The data must allow you to observe consecutive trips by the same taxi.

Step 2: Prepare the Data

Restricting the Sample

To study driver decisions in a consistent environment, restrict the data to a specific time window. For example: “weekday trips between 7:00AM and 11:00AM”.

This avoids mixing together very different market conditions such as rush hour, late night, and weekends.

Construct Consecutive Trips

Sort trips by taxi identifier and time. For each trip, construct a new variable: next_pickup_location. This is the pickup location of the next trip by the same taxi.

You’ll also want to drop observations where:

the taxi has no subsequent trip
the gap between trips is very long (for example more than 1 hour), which likely indicates the end of a shift rather than a repositioning decision.

Define the 15 taxi zones

Replace the detailed taxi locations with the following 15 zones:

Upper Manhattan (Washington Heights, Inwood, Hamilton Heights)
Harlem / Morningside Heights
Upper East Side
Upper West Side
Midtown East (Grand Central, Turtle Bay)
Midtown West / Times Square
Chelsea / Flatiron / Gramercy
Lower Manhattan (SoHo, Tribeca, Financial District, Chinatown)
North Brooklyn (Williamsburg, Greenpoint)
Downtown Brooklyn / DUMBO
South & Central Brooklyn
Long Island City / Astoria
Other Queens
Bronx
Airports (JFK and LaGuardia combined)

After mapping locations into these zones, drop any observations where the taxi leaves this 15-zone system.

Data set structure

After these steps, your data should look like this:

dropoff_location	next_pickup_location	next_dropoff_location
Upper Manhattan	Upper East Side	Upper East Side
Midtown West	Lower Manhattan	Bronx

The state is the dropoff_location.
The action is the next_pickup_location.
Get transition probabilities from next_dropoff_location.

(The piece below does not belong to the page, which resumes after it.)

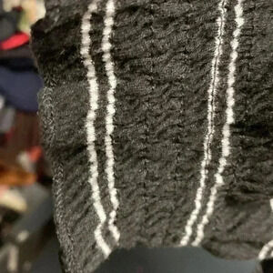 Comfortably soft Polyester rayon spandex pull over top. Black & cream with elastic in sleeve cuffs with bit if a ruffle hem. Approximate Measurements Laying flat: pit to pit 25” - shoulder to hem 27” - sleeves short with wide elastic. Preowned good used condition please check all pictures.

Step 3: Estimate Non-Structural Inputs

Before estimating the structural model, compute two objects directly from the data:

Average fare by pickup zone
Markov transition probabilities

Markov transition probabilities

Estimate the probability that a trip beginning in zone \(a\) ends in zone \(z'\):

Then construct a 15x15 transition matrix where:

rows = pickup zones
columns = dropoff zones
entries = transition probabilities

Each row must sum exactly to 1.

This matrix represents the part of the environment that the driver does not control, but might be able to predict or have an intuitive understanding of from experience.

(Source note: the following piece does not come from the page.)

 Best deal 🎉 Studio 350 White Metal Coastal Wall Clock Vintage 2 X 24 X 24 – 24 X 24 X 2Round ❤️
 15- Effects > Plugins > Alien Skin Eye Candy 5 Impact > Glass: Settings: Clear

Step 4: Estimate the Structural Model

We assume drivers maximize expected discounted utility. Let the discount factor be 0.99.

Payoff function

Assume the driver’s per-period utility from choosing zone \(a\) is:

\[u(a) = \theta_1 \cdot \text{Fare}(a) + \theta_2 \cdot 1\{a = \text{Airport}\}\] Where:

\(\text{Fare}(a)\) is the average fare in zone \(a\)
\(1\{a=\text{Airports}\}\) is an indicator for the airport zone
\(\theta_1\) and \(\theta_2\) are parameters to estimate. They represent how strongly a driver prefers zones with higher expected fares, and the extra attractiveness of the airport zone.

Nested Fixed Point Estimation

Estimate the parameters \(\theta_1\) and \(\theta_2\) using the nested fixed point algorithm:

Guess values of \(\theta_1\) and \(\theta_2\)
Solve the Bellman equation for the value function
Compute model-implied choice probabilities
Evaluate the log likelihood of the observed actions
Update parameters to maximize the log likelihood

Step 5: Your Final Report

Your project report should include the following sections.

1. Data

Explain:

which taxi dataset you used
how you restricted the sample
how you defined consecutive trips
how you mapped locations into the 15 zones

2. Descriptive Statistics

Provide tables and plots describing:

number of observations by zone
average fare by zone
transition frequencies across zones

3. Model

Clearly define:

the state space
the choice set
the transition matrix
the payoff function
the estimation strategy

4. Results

Report:

the estimated parameters
the interpretation of those parameters
the model-implied choice probabilities

5. Discussion

Discuss:

whether drivers appear to prefer zones with higher fares
how the airport parameter compares to other zones
what the model captures well
what the model leaves out

Discuss limitations such as:

interpreting the next pickup zone as a deliberate decision
ignoring repositioning costs
ignoring congestion and travel time

Upload your final project to Canvas before Friday, March 20 at 11:59pm.